何もないよと断るよりも先に隣にいた仁王に背中を押されて、ひよりは不可抗力で前に出ることになった。
皆の視線も集まり、そうなってしまうと後には引けなかったのでひよりは戸惑いながら口を開く。
「合宿、お疲れ様でした。私は仕事が出来ない時もあったけど、みんながまた強くなってるのはよく分かるよ。全国、頑張ろうね」
「当たり前っすよ!」
「それと、みんなには本当に感謝してる。この合宿だけじゃなくて、こっちに来てから沢山助けてもらったし、色んなものをもらったよ。本当に楽しかった。ありがとう」
「…なんだよそれ。もうお別れみたいな言い方するなよ」
しんみりした空気の中、苦笑してジャッカルが言う。ひよりはそんなつもりはなかったのだが、言われてみると確かにそのように聞こえるので、つられて苦笑した。
「…ごめん、そうだよね。じゃあ最後に、もう一人の私の分も想いを込めて、一つだけ」
もう一人の、と言われて皆は疑問に思うが、ひよりは気にせず思いっきり空気を吸い込んだ。
「常勝!立海!!」
元々声を張り上げることはしないひよりの、今までにないくらいの大きな声が響いた。
目をぎゅっと閉じ、これでもかと口を開いて体全体で叫ぶその様は確かにもう一人のひよりを見ているようで。メンバーはごく自然に同じように空気を吸い込み、同じ言葉をひよりに返した。
そして笑顔を交わす。このメンバーで三連覇する。それが出来る。優勝を疑うことなど誰もしなかった。

帰りは行きと同様にバスを使って学校まで戻り、解散となる。
ひよりはどうしても抵抗があったが他に交通手段がある訳でもない。まだ恐怖心は消えていない。皆が次々と乗り込んでいく様子を見ていたが、ついに残るのは自分だけになってしまった。
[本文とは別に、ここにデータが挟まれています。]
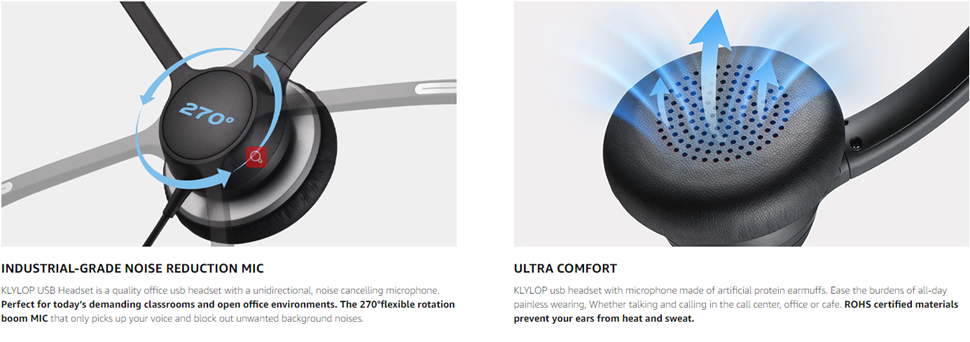 - ✅【????? ????? ??????, ????? ???? ?????】? KIND TIPS: Our PC headset microphone uses noise reduction technology instead of active noise canceling, improving call quality ensures clear calls. Equipped with high-performance magnetic circuits, KLYLOP USB headset with microphone noise reduction is designed for clear communication on business Skype chat, Webinars, or calls. It also has an acoustic shock protection circuit to protect your hearing from sudden loud noise.

ひよりは緊張して呼吸が浅くなる。鼓動が速くなる。けれど今のままではいけないと、意を決してステップに片足を乗せた。
視界に誰かの手の平が映ったのはその時だ。
「大丈夫、俺がついてるよ」
幸村が一段上から手を差し伸べていた。視線が合うと、幸村は更に柔らかく笑顔を携えた。
「…ありがとう」
ひよりは幸村の手を取ってステップを上がる。そのまま繋がれた手は離されることなく、ひよりと幸村は2人席に並んで座った。
隣に幸村くんがいる。怖くて逃げ出したい状態でも、手を繋いでいてくれる。それだけでひよりは安心することができた。
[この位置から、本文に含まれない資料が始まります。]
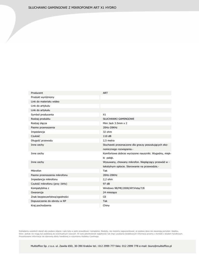 SŁUCHAWKI GAMINGOWE Z MIKROFONEM ART X1 HYDRO Producent ART Produkt wyróżniony Link do materiału wideo Link do artykułu Link do artykułu Symbol producenta X1 Rodzaj produktu SŁUCHAWKI GAMINGOWE Rodzaj złącza Mini Jack 3.5mm x 2 Pasmo przenoszenia 20Hz-20KHz Impedancja 32 ohm Czułość 110 dB Długość przewodu 2,5 metra Inne cechy Słuchawki przeznaczone dla graczy poszukujących ekonomicznego rozwiązania.- Inne cechy Komfortowe dobrze wyciszone nauszniki. Wygodny, miękki pałąk. Inne cechy Wysuwany, chowany mikrofon. Nieplączący przewód w tekstylnym oplocie. Sterowanie na przewodzie.- Mikrofon Tak Pasmo przenoszenia mikrofonu 20Hz-20KHz Impedancja mikrofonu 2,2 ohm Czułość mikrofonu (przy 1kHz) 97 dB Kompatybilna z Windows 98/ME/2000/XP/Vista/7/8 Gwarancja 24 miesiące Znak bezpieczeństwa/zgodności CE Dopuszczenie do obrotu w RP Tak Kraj pochodzenia Chiny Dokładamy wszelkich starań aby podane zdjęcie i opis były w pełni prawidłowe i kompletne. Niestety, nie możemy zagwarantować, że podane dane nie zawierają pomyłek i błędów, które jednak nie mogą być podstawą do ewentualnych roszczeń. W razie jakichkolwiek wątpliwości lub chęci uzyskania dodatkowych informacji prosimy o kontakt z działem handlowym. Prezentowane informacje nie stanowią oferty handlowej w rozumieniu Kodeksu Cywilnego. Multioffice Sp. z o.o. ul. Zawiła 65D, 30-390 Kraków tel.: 012 2999 777 faks: 012 2999 778 e-mail: [email protected]

触れた部分から伝わる幸村の体温を感じながら、動揺せずに帰れることを確信した。




辿


自分勝手だとは分かっていても、その誘いを持ちかけた。いついなくなってしまうか分からないこの状況で、可能な限り一緒にいたかった。
独占欲とも言うのかもしれない。自分がこんなに誰かに執着するなんて思ってもなかった。
突然の誘いにもひよりは快く応じてくれたので、帰り際に約束を交わした。
「明日迎えに行くよ。街に出掛けてテニスをしよう」
休みの日までテニスをするのかと誰かに笑われてしまいそうだけど、これが一番いいと思った。
俺達を繋いでくれたのはテニスだし、純粋にひよりとテニスをしたかった。勝敗を意識せずテニスが出来るのは、きっと楽しい。それに、独りで練習していた時とは違う。俺は自分も大切にすることをひよりに教えてもらったんだ。
「それじゃあ、お疲れ様。おやすみ」
髪に触れて今日のさよならを告げると、ひよりは微かに顔を赤くして「おやすみ」と返してくれた。そんな些細なことでもとても可愛く見えて、俺は本当に果報者だと思った。